I don't know how four years can seem like yesterday. And then some days it feels like eons ago. I can never quite get my brain around how long exactly my dad has been gone, but the calendar tells me it has been four years today. Four...long...crazy...heartbreaking...lonely...busy...growth filled years.
Most moments in most days pass without any heartache. Many pass now without even thinking about how much I miss Dad. We get up and go about our day, keeping busy and focused on the tasks at hand. Nothing significant most of the time worthy of stirring the memory.
And then there are the days when something major happens. A report card came for my First Born's first year of homeschool...as much my report card as his, and he got straight "A's." Yes, this is a moment when the wounded heart rips open when I remember I can't call Dad to share the joy. I know he would be proud of me, and First Born too. He never doubted our abilities.
Small One, diva that she is, is reading like a high school lit prodigy. Dad wouldn't be surprised, he had high expectations of all of us. But when her eyes sparkle as she reads a poem that moves her I feel the ache rear it's ugly head in my chest because I know she will never experience sharing poetry with him as a child. He will never read her I Am Nobody! Who Are You? by Emily Dickenson. She will never hear him read Stopping By Woods on a Snowy Evening by Robert Frost. I will never be able to tell him how she is gifted with the written word, just like he was.
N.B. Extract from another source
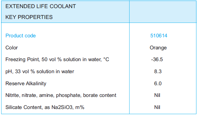 based on extended-life organic acid Carboxylate Technology in ethylene glycol which, when mixed at 50% by volume with water, provides long-term protection of the cooling systems of gasoline and light and heavyduty diesel engines.
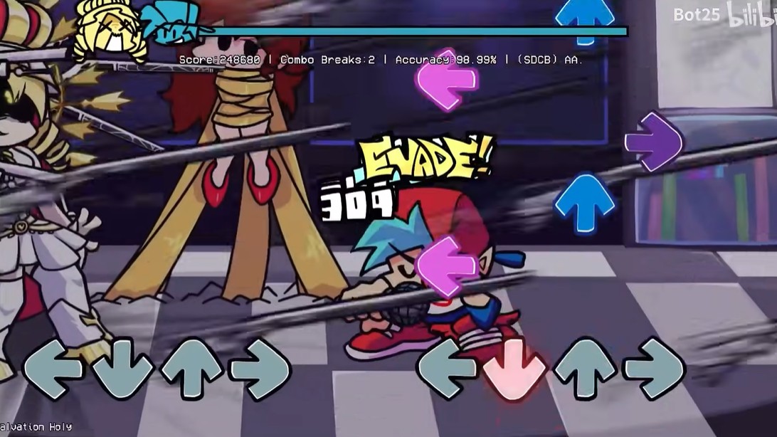 - 小心他的步枪射出的子弹,这些子弹会在音符的中间射出,在正确的时间点击它来躲避它们!

I don't know if time will ever make sense to me again really. It isn't that I can't see my children growing and watch the days flipping on the calendar, it is just that time doesn't feel the same any more. I know the wound continues to heal. But I also know that life will never be the same and there will never stop being events that pick at the scab and pull at the scar. I continue to take one day at a time, always missing, always loving Dad...and knowing our time was cut short here on earth, but looking forward to eternity in Heaven.
I miss you Dad! Happy 4th birthday in Heaven.